DATASET EXCERPTS Block Start
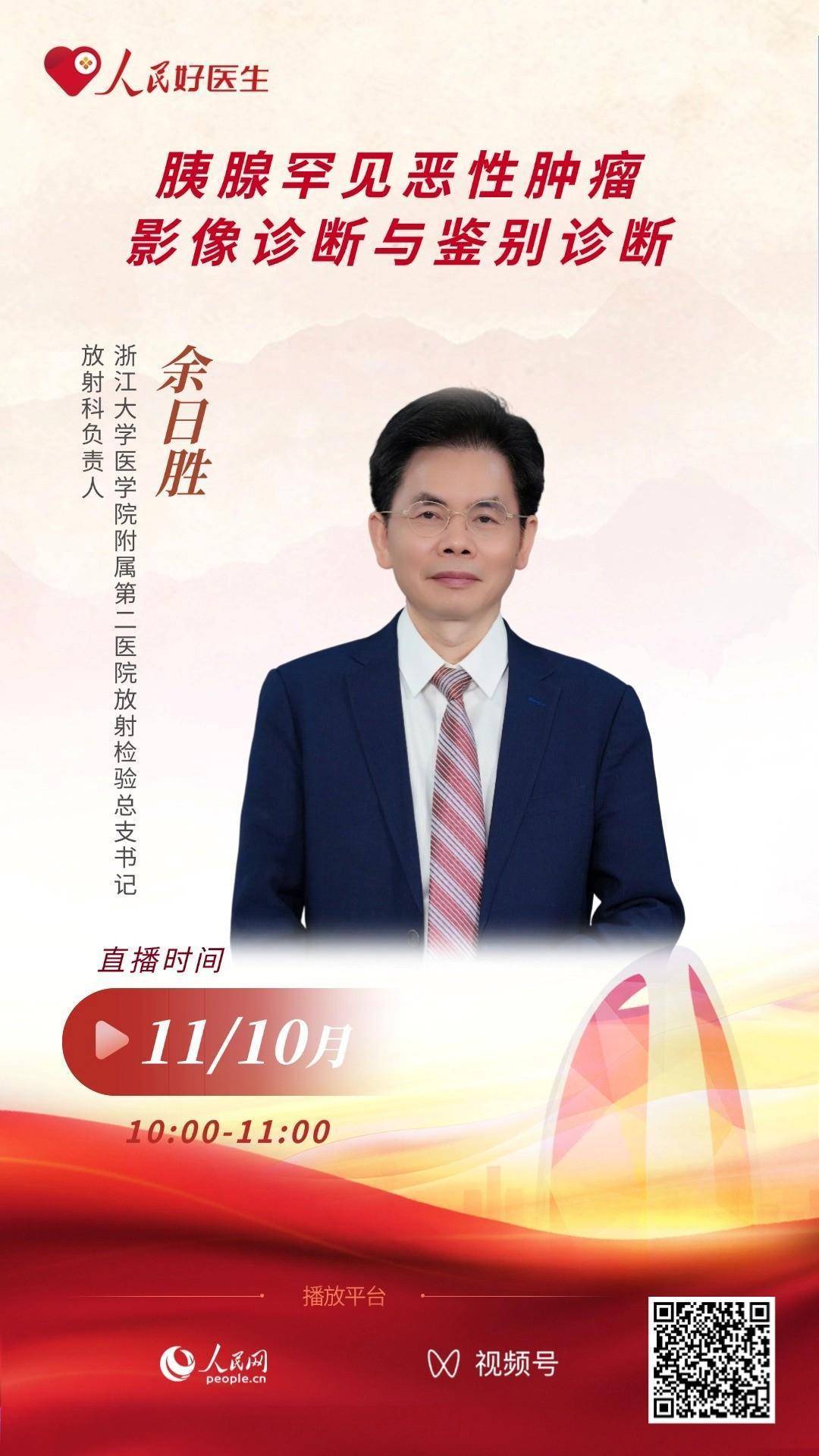 10月11日(周六)10:00-11:00,浙江大学医学院附属第二医院放射检验总支书记、放射科负责人余日胜做客“人民好医生”直播间,与大家一起分享如何通过影像学检查实现这类肿瘤的早期精准诊断,欢迎届时收看。
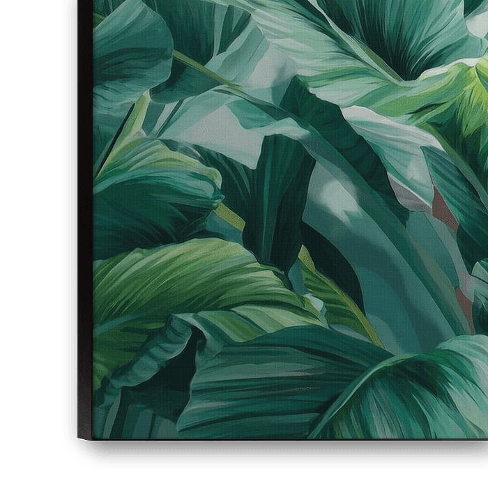 Dieses heitere botanische Kunstwerk zeigt eine elegante Sammlung von Bananenblättern in einer raffinierten Farbpalette aus Mintgrün, Weiß und rosa Akzenten. Das weiche Licht schafft eine verträumte Atmosphäre, in der die Blätter vor dem pastellfarbenen Hintergrund anmutig zu tanzen scheinen. Die harmonische Pinselführung und die luftige Komposition machen dieses Werk perfekt für beruhigende Innenräume mit tropischem und modernem Flair. Eine ideale Wahl für alle, die natürliche Schönheit mit subtilen Farbtönen kombinieren möchten.
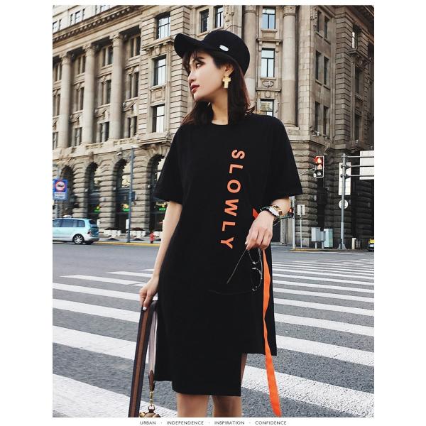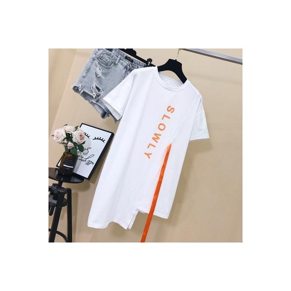 アシンメトリデザインの半袖ロゴTシャツワンピです。
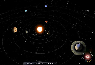 Detto questo, i pianeti in questi giorni sono ben distribuiti ottorno al Sole, come risulta dalla mappa qui sopra, che mostra la loro posizione il 21 dicembre 2012. Quindi, questa volta non c'è affatto il grande allineamento. In particolare, Giove e Saturno, di gran lunga i corpi più massicci, dopo il Sole, sono quasi in direzioni opposte.
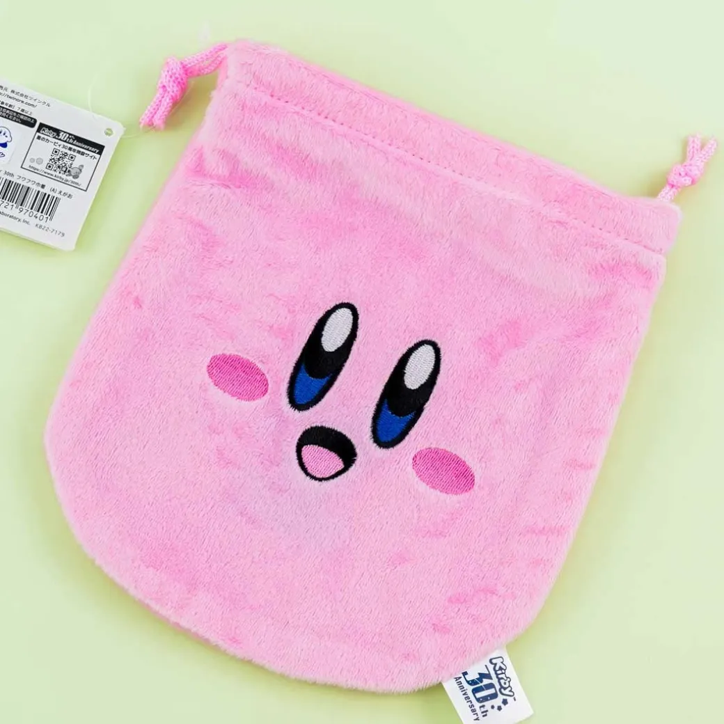 - A kawaii drawstring pouch featuring Kirby giving a big smile
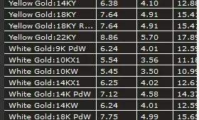 yellow gold14k size-6.38mmyellow gold18k size-7.64mmwhite gold14k size-6.24mmfinger dimensions-16.80mm
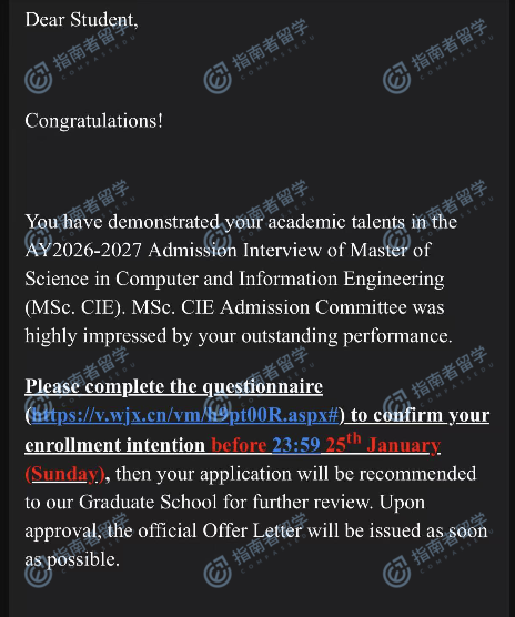 香港中文大学计算机与信息工程理学硕士(CUHK-Shenzhen)研究生offer一枚
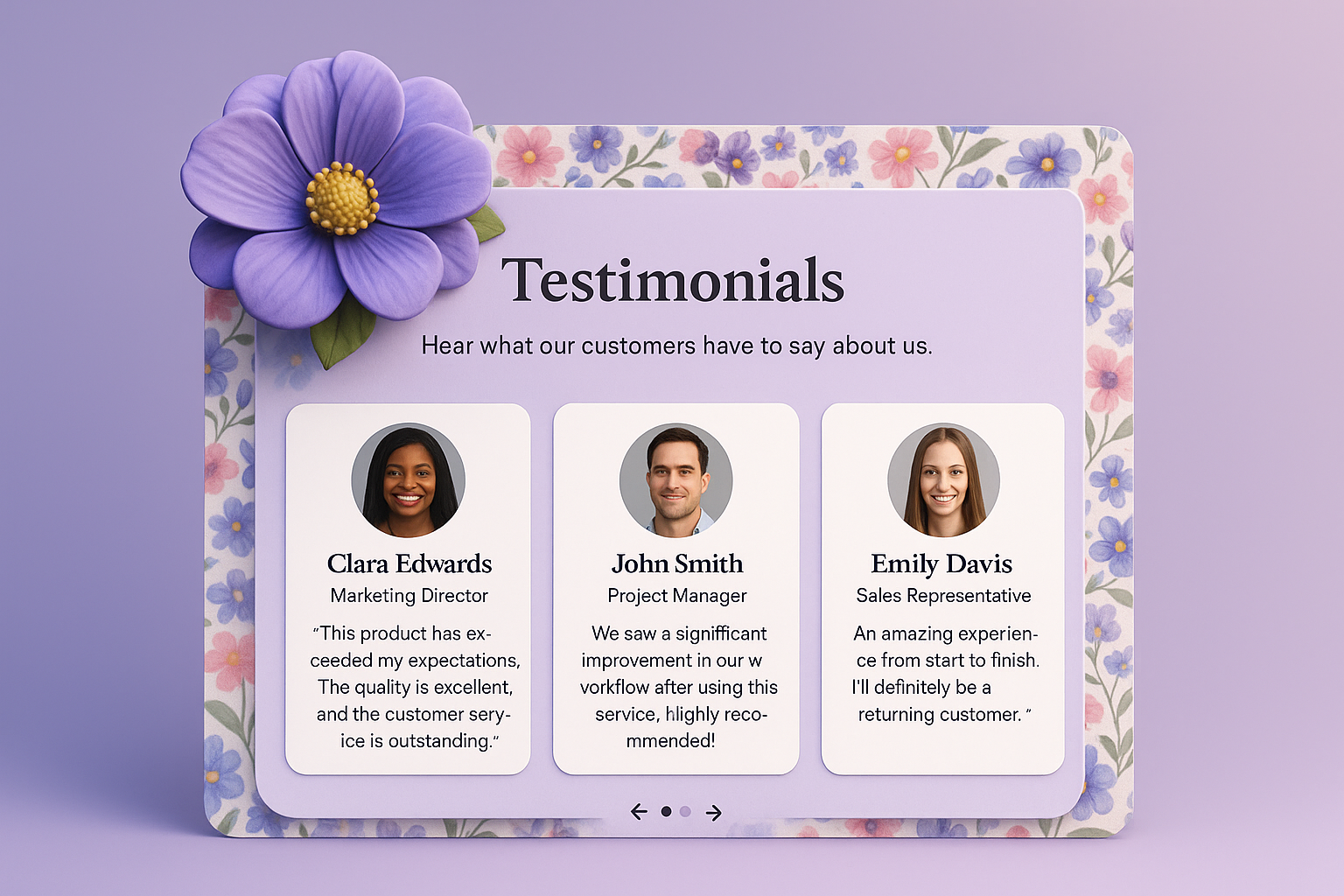 /Collection: /by davooda/Type: PNG/A visually appealing testimonials section featuring three cards with customer feedback, adorned with a large flower and floral patterns. Each card includes a circular author photo, name, position, and testimonial text.
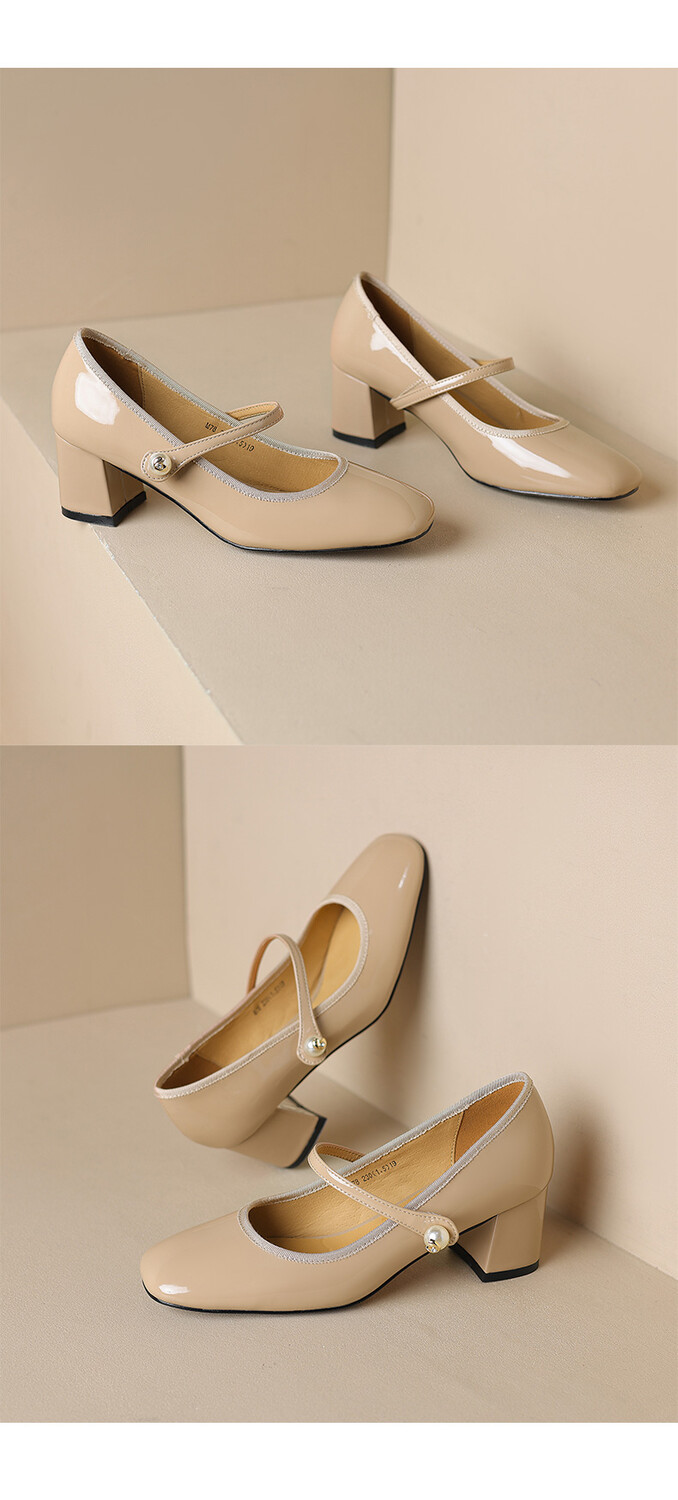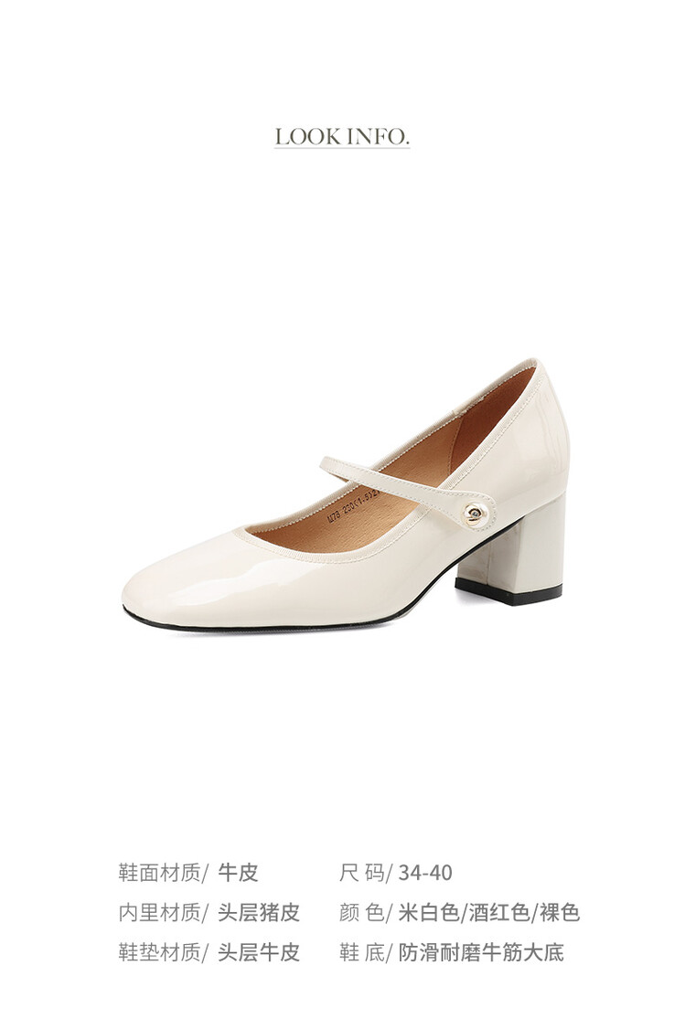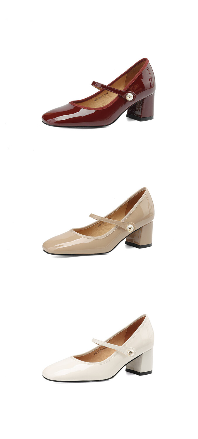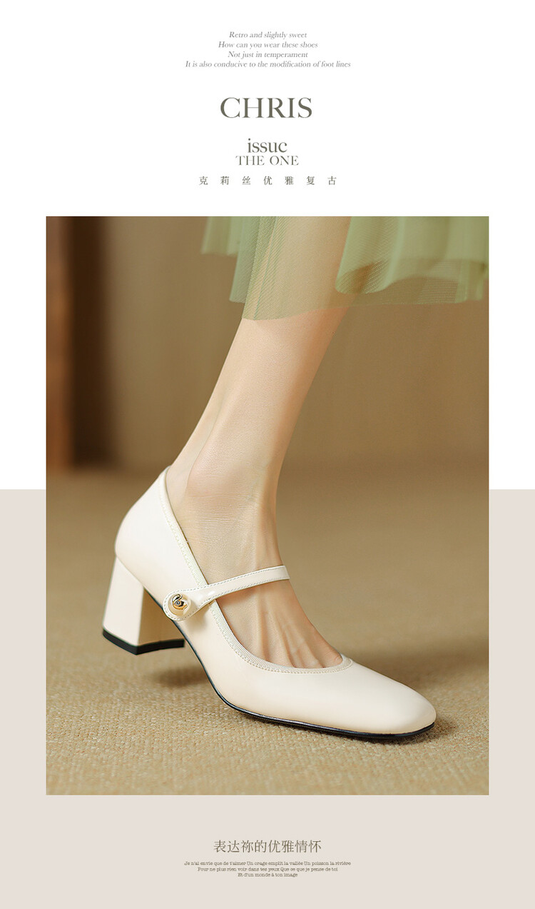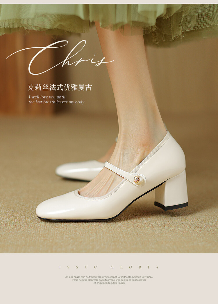 【预售5天】春夏新款单鞋女一字扣,带法式复古牛皮拼接粗跟女鞋DYJ&CM7804
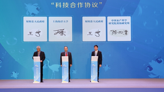 万荣在致辞中表示,射阳得天独厚的滩涂、气候条件使其成为我国重要的河蟹育苗产业化区域、中国蟹苗之乡。近年来,射阳不断叫响“天下渔场、鲜活射阳”名片,农业质效和竞争力不断增强,河蟹育苗产业不断取得新的发展。上海海洋大学是一所以水产、海洋、食品为显著特色的国家“双一流”建设高校,在河蟹生态育苗产业发展方面与射阳企业保持了紧密的合作关系。上海海洋大学愿以本次活动为平台,以双方战略合作协议签约为契机,充分发挥科技、人才优势,对接射阳河蟹育苗产业发展规划,为促进河蟹生态育苗降本增效、品质提升,构建基于育繁推一体化的优良苗种和繁育技术体系,打造高品质河蟹生态育苗的射阳样板做出应有的贡献。
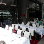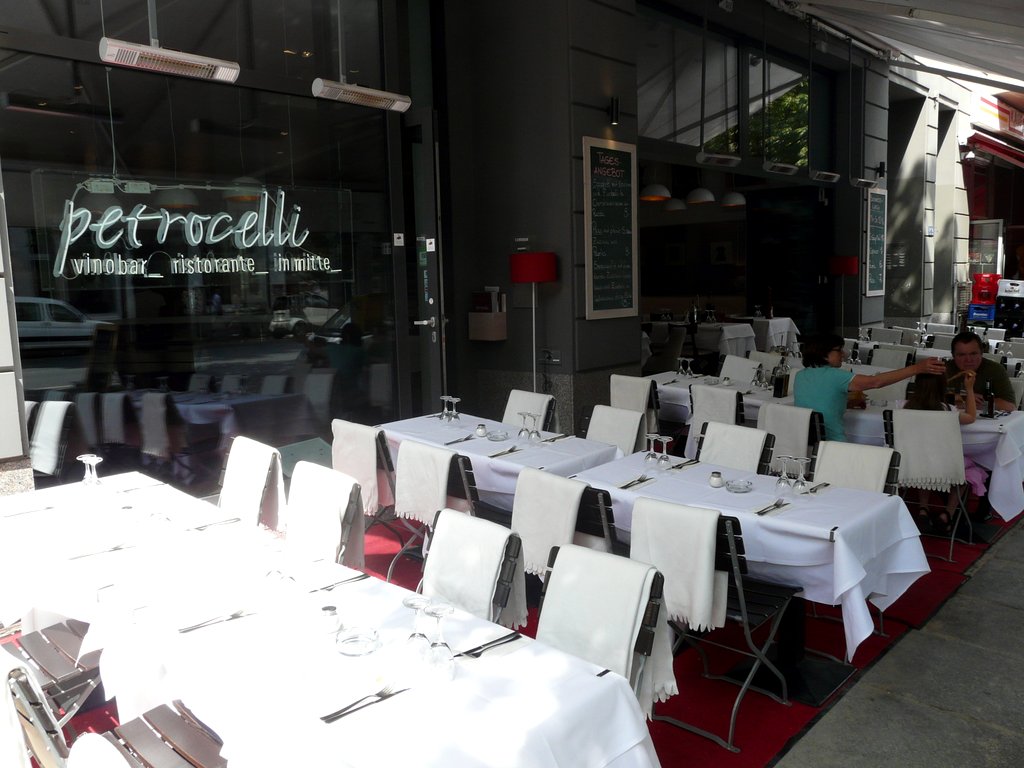 Wir wechseln wieder die Straßenseite und stehen in der Torstr.171 vor dem nächsten Italiener – Petrocelli hat hier kürzlich sein 5. Restaurant in Berlin und das erste in Mitte eröffnet. Sehr empfehlenswert ist das preiswerte Mittagsmenü, das sich der Gast aus den Vorspeisen und Hauptgängen der normalen Speisekarte für 12.-€ selbst zusammenstellen kann.
DATASET EXCERPTS Block End
PROBLEM TO SOLVE -
Type out the entries again without a single change, and leave the pictures out.

EXERCISE SOLUTION -
 10月11日(周六)10:00-11:00,浙江大学医学院附属第二医院放射检验总支书记、放射科负责人余日胜做客“人民好医生”直播间,与大家一起分享如何通过影像学检查实现这类肿瘤的早期精准诊断,欢迎届时收看。
 Dieses heitere botanische Kunstwerk zeigt eine elegante Sammlung von Bananenblättern in einer raffinierten Farbpalette aus Mintgrün, Weiß und rosa Akzenten. Das weiche Licht schafft eine verträumte Atmosphäre, in der die Blätter vor dem pastellfarbenen Hintergrund anmutig zu tanzen scheinen. Die harmonische Pinselführung und die luftige Komposition machen dieses Werk perfekt für beruhigende Innenräume mit tropischem und modernem Flair. Eine ideale Wahl für alle, die natürliche Schönheit mit subtilen Farbtönen kombinieren möchten.
 アシンメトリデザインの半袖ロゴTシャツワンピです。
 Detto questo, i pianeti in questi giorni sono ben distribuiti ottorno al Sole, come risulta dalla mappa qui sopra, che mostra la loro posizione il 21 dicembre 2012. Quindi, questa volta non c'è affatto il grande allineamento. In particolare, Giove e Saturno, di gran lunga i corpi più massicci, dopo il Sole, sono quasi in direzioni opposte.
 - A kawaii drawstring pouch featuring Kirby giving a big smile
 yellow gold14k size-6.38mmyellow gold18k size-7.64mmwhite gold14k size-6.24mmfinger dimensions-16.80mm
 香港中文大学计算机与信息工程理学硕士(CUHK-Shenzhen)研究生offer一枚
 /Collection: /by davooda/Type: PNG/A visually appealing testimonials section featuring three cards with customer feedback, adorned with a large flower and floral patterns. Each card includes a circular author photo, name, position, and testimonial text.
 【预售5天】春夏新款单鞋女一字扣,带法式复古牛皮拼接粗跟女鞋DYJ&CM7804
 万荣在致辞中表示,射阳得天独厚的滩涂、气候条件使其成为我国重要的河蟹育苗产业化区域、中国蟹苗之乡。近年来,射阳不断叫响“天下渔场、鲜活射阳”名片,农业质效和竞争力不断增强,河蟹育苗产业不断取得新的发展。上海海洋大学是一所以水产、海洋、食品为显著特色的国家“双一流”建设高校,在河蟹生态育苗产业发展方面与射阳企业保持了紧密的合作关系。上海海洋大学愿以本次活动为平台,以双方战略合作协议签约为契机,充分发挥科技、人才优势,对接射阳河蟹育苗产业发展规划,为促进河蟹生态育苗降本增效、品质提升,构建基于育繁推一体化的优良苗种和繁育技术体系,打造高品质河蟹生态育苗的射阳样板做出应有的贡献。
 Wir wechseln wieder die Straßenseite und stehen in der Torstr.171 vor dem nächsten Italiener – Petrocelli hat hier kürzlich sein 5. Restaurant in Berlin und das erste in Mitte eröffnet. Sehr empfehlenswert ist das preiswerte Mittagsmenü, das sich der Gast aus den Vorspeisen und Hauptgängen der normalen Speisekarte für 12.-€ selbst zusammenstellen kann.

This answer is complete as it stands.